You only need to include kms:Decrypt permissions in the key policy if you use a customer managed AWS KMS CMK. If you enable an S3 Bucket Key for server-side encryption using an AWS managed CMK (aws/s3), your AWS KMS key policy already includes kms:Decrypt permissions.

IAM or KMS key policies

If your existing IAM policies or AWS KMS key policies use your object Amazon Resource Name (ARN) as the encryption context to refine or limit access to your AWS KMS CMKs, these policies won’t work with an S3 Bucket Key. S3 Bucket Keys use the bucket ARN as encryption context. Before you enable an S3 Bucket Key, update your IAM policies or AWS KMS key policies to use your bucket ARN as encryption context.

For more information about encryption context and S3 Bucket Keys, see Encryption context (x-amz-server-side-encryption-context).

AWS KMS CloudTrail events

After you enable an S3 Bucket Key, your AWS KMS CloudTrail events log your bucket ARN instead of your object ARN. Additionally, you see fewer KMS CloudTrail events for SSE-KMS objects in your logs. Because key material is time-limited in Amazon S3, fewer requests are made to AWS KMS. 

Using an S3 Bucket Key with replication

You can use S3 Bucket Keys with Same-Region Replication (SRR) and Cross-Region Replication (CRR).

When Amazon S3 replicates an encrypted object, it generally preserves the encryption settings of the replica object in the destination bucket. However, if the source object is not encrypted and your destination bucket uses default encryption or an S3 Bucket Key, Amazon S3 encrypts the object with the destination bucket’s configuration.

Important

To use replication with an S3 Bucket Key, the AWS KMS key policy for the CMK used to encrypt the object replica must include kms:Decrypt permissions for the calling principal. The call to kms:Decrypt verifies the integrity of the S3 Bucket Key before using it. For more information, see Using an S3 Bucket Key with replication. For more information about SSE-KMS and S3 Bucket Key, see Amazon S3 Bucket Keys and replication.

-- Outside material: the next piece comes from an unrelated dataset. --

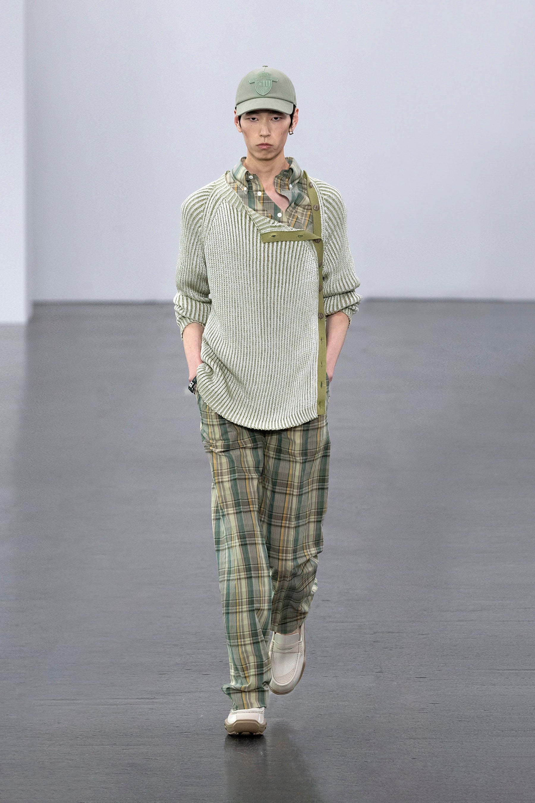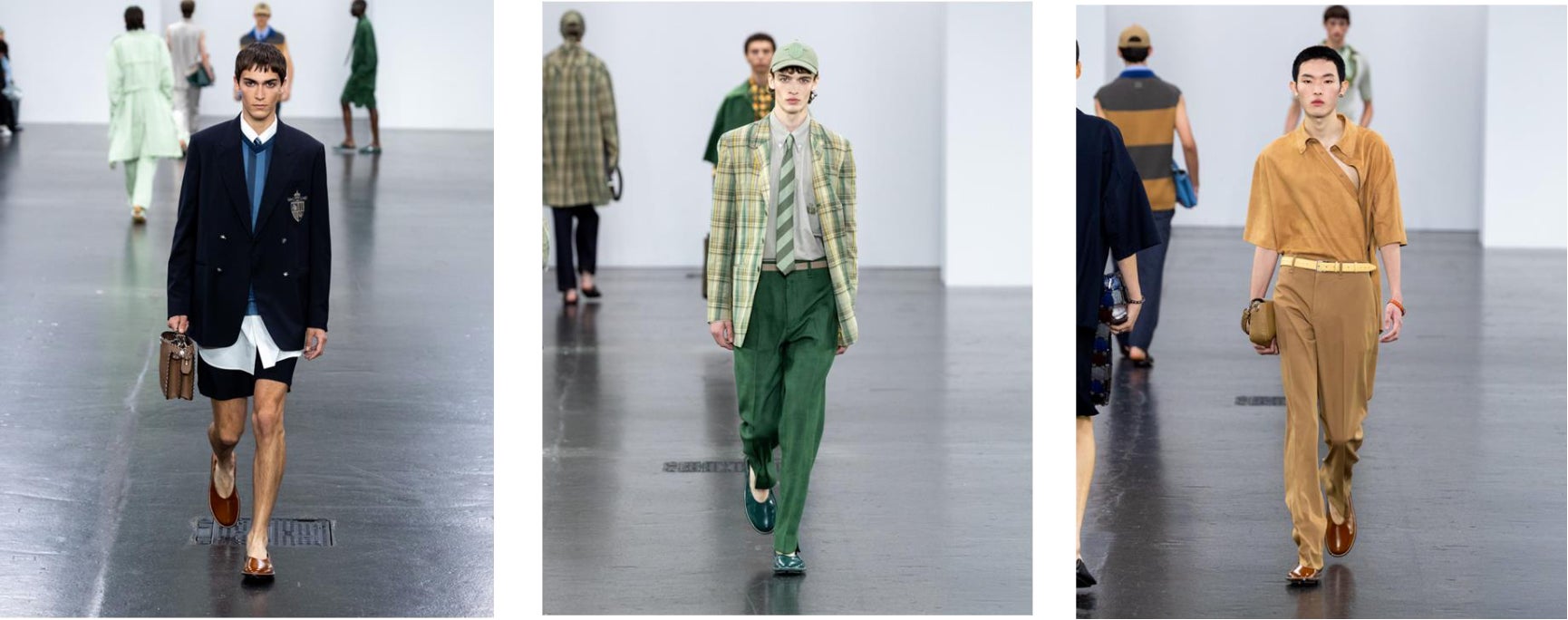 本コレクションは、頭からつま先まで、1925年にローマの馬具職人からフェンディ家に伝授された「セレリア(Selleria)」の技巧を堪能させてくれます。「セレリア」が変則的なピンストライプのスーツ地ジャカードとして再解釈されると同時にストライプや同系色の「FF」ロゴとしてリネンや豪華なテクスチャーにあしられます。また、日本のボロデニムに表面加工として施される他、張りのあるウールのアウターウェアやレザーグッズには極限までミニマルなフレームとして表現されます。ボリューム感のある布地のボンバージャケット、流れるようなトレンチコート、3つボタンのブレザーと、脚をゆったりとカットしたスラッシュトラウザーズの組み合わせのように、微妙なボリューム感がそっと過ぎ去さった時代をささやいています。服装の正確性を捻じ曲げるようなディテールも登場します。ポプリンシャツの袖は肘で切り込まれて長くも短くも着用することが可能となり、ポロシャツの前立ては首から肋骨へと捻じれています。アシンメトリーなシルクニットは、肩のボタンを外すとエアリーなモジュール性を生み出します。プリーツョートパンツの上に、シルクタイが付いたパッチポケットのロングオーバーシャツがレイヤードされ、リネン、レザー、マドラスチェックのコットン、超軽量スエードのトーンを合わせた短いサマージャケットの下に重ねられています。

The following examples illustrate how an S3 Bucket Key works with replication. For more information, see Replicating objects created with server-side encryption (SSE) using AWS KMS CMKs

Example 1 – Source object uses S3 Bucket Keys, destination bucket uses default encryption

If your source object uses an S3 Bucket Key but your destination bucket uses default encryption with SSE-KMS, the replica object maintains its S3 Bucket Key encryption settings in the destination bucket. The destination bucket still uses default encryption with SSE-KMS.

Example 2 – Source object is not encrypted, destination bucket uses an S3 Bucket Key with SSE-KMS

If your source object is not encrypted and the destination bucket uses an S3 Bucket Key with SSE-KMS, the source object is encrypted with an S3 Bucket Key using SSE-KMS in the destination bucket. This results in the ETag of the source object being different from the ETag of the replica object. You must update applications that use the ETag to accommodate for this difference.